• [Work task]: Beginning with the line that contains "Montagehandskar Powerfit by" in the material below, print each line exactly until the line that contains "2011年天安門廣場(chǎ" has been printed, then stop.

• [Dataset]:
——————————

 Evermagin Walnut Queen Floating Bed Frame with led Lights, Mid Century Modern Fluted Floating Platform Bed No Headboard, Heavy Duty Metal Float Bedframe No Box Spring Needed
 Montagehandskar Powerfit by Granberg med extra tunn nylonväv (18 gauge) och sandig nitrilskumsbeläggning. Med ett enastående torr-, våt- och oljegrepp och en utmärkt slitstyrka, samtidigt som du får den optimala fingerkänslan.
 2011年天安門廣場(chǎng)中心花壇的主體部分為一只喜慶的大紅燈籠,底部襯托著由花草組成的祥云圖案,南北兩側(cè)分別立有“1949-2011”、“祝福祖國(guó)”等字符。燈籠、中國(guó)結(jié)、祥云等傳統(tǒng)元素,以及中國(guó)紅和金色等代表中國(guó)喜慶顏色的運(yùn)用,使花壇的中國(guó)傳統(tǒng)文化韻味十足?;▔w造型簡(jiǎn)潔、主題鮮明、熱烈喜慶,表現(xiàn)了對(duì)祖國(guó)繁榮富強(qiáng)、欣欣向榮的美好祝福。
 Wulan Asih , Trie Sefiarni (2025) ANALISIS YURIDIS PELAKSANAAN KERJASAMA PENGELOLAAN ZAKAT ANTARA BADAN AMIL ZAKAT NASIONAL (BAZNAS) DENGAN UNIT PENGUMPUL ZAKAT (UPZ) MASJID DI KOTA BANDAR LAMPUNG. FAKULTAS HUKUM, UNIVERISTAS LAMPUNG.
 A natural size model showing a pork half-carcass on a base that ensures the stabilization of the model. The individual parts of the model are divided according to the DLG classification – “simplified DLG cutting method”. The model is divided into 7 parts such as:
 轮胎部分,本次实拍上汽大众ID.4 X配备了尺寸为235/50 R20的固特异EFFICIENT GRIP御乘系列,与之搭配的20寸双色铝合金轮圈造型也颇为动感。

——————————

• [Exercise answer]:
 Montagehandskar Powerfit by Granberg med extra tunn nylonväv (18 gauge) och sandig nitrilskumsbeläggning. Med ett enastående torr-, våt- och oljegrepp och en utmärkt slitstyrka, samtidigt som du får den optimala fingerkänslan.
 2011年天安門廣場(chǎng)中心花壇的主體部分為一只喜慶的大紅燈籠,底部襯托著由花草組成的祥云圖案,南北兩側(cè)分別立有“1949-2011”、“祝福祖國(guó)”等字符。燈籠、中國(guó)結(jié)、祥云等傳統(tǒng)元素,以及中國(guó)紅和金色等代表中國(guó)喜慶顏色的運(yùn)用,使花壇的中國(guó)傳統(tǒng)文化韻味十足?;▔w造型簡(jiǎn)潔、主題鮮明、熱烈喜慶,表現(xiàn)了對(duì)祖國(guó)繁榮富強(qiáng)、欣欣向榮的美好祝福。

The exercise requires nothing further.